Siempre tuve interés en el estudio de la historia, la política y las matemáticas. Al mismo tiempo, sentía un amor profundo por la literatura y el teatro. Lo que siempre tuve claro, eso sí, era que quería escribir. Pero no lograba visualizar con claridad cómo me proyectaba en la escritura, cómo podría desarrollarme en ese campo. No quise estudiar literatura porque lo imaginaba muy enfocado en lo teórico y sin mucho espacio para la escritura en sí misma. Otra posibilidad que barajé fue estudiar teatro. Finalmente, decidí estudiar sociología pensando en los temas que me interesaba indagar, en esta mezcolanza temática. Creí que la multiplicidad de saberes asociados podía entregarme herramientas para dar cuenta de la realidad de una forma más rica, más amplia. Pensaba también en la aplicabilidad de este conocimiento, ya fuera a través de políticas públicas u otras formas de bajada de lo teórico a lo práctico. Esto último era lo que más me atraía, lo concreto. Por eso enganché mucho con la sociología de la salud y la educación.

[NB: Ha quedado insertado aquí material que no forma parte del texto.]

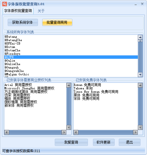 字體版權批量查詢是一款用來查詢電腦中所有字體是否有版權的一款查詢工具,就是說是否支持商用,通過這款字體版權能快速查詢電腦中字體能否用來商用,對于設計師來說字體不能亂用,否則會被告侵權,所以自查是很有必要的,歡迎需要查詢字體版權的用戶前來獲取這款字體版權批量查詢。
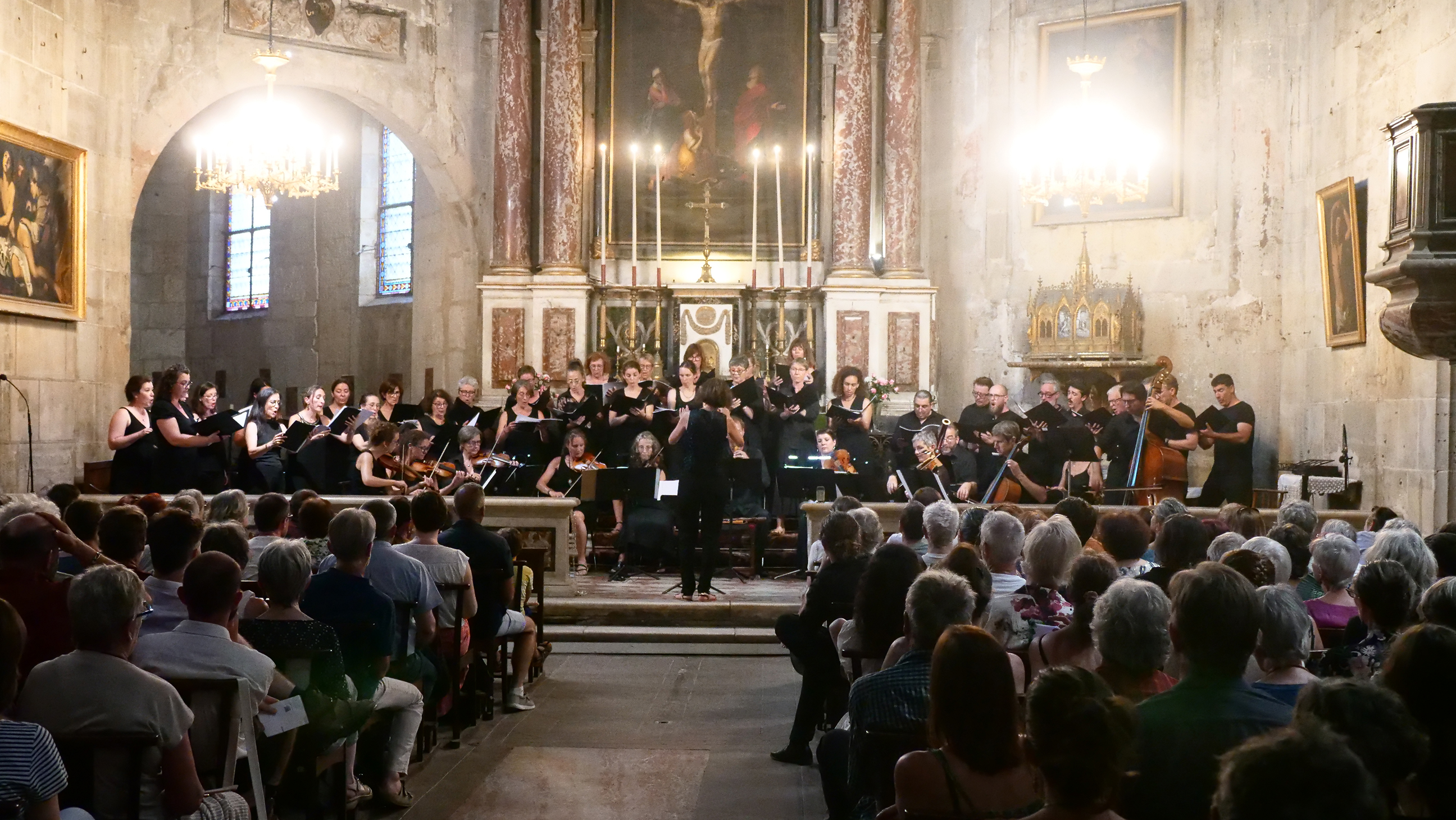 Le Choeur de chambre Les Éléments y a interprété son programme a capella Au-delà des Cimes et Waves of light avec le trio Paul Lay.

Ahora bien, pensando en la vinculación de la sociología con la literatura, supongo que la mirada politizada siempre se me cuela en los textos. Pero el mayor aprendizaje que tuve en esos años fue el siguiente: aprender a cómo no quería escribir. En general, me topaba con una enorme cantidad de textos que parecían haber sido escritos para no ser entendidos. No es que a todos los sociólogos y sociólogas les guste escribir en difícil. Sólo a la mayoría. Recuerdo una gran excepción: Durkheim. Con toda su profundidad, escribía para que lo entendieran. O eso me parecía. Pero, en gran medida, los textos que tenía que leer eran horrorosamente fomes. Mi sensación era que, detrás de éstos, no existía la intención de conectar con un otro. Parecían escritos por esgrimistas de la intelectualidad, buscando cualquier flanco para anotar el punto. En ese sentido, una de las cosas que me interesa de la escritura, o cómo me planteo el escribir, es que no sea sólo un ejercicio egótico desde la academia. Que haya una conexión con esos otros y otras potenciales. Eso no quiere decir que el texto sea transparente, fabulesco o naif. Que no tenga capas ni complejidades. Me atrevería a aseverar que tiene que ver con el alma que habita el texto que escribes.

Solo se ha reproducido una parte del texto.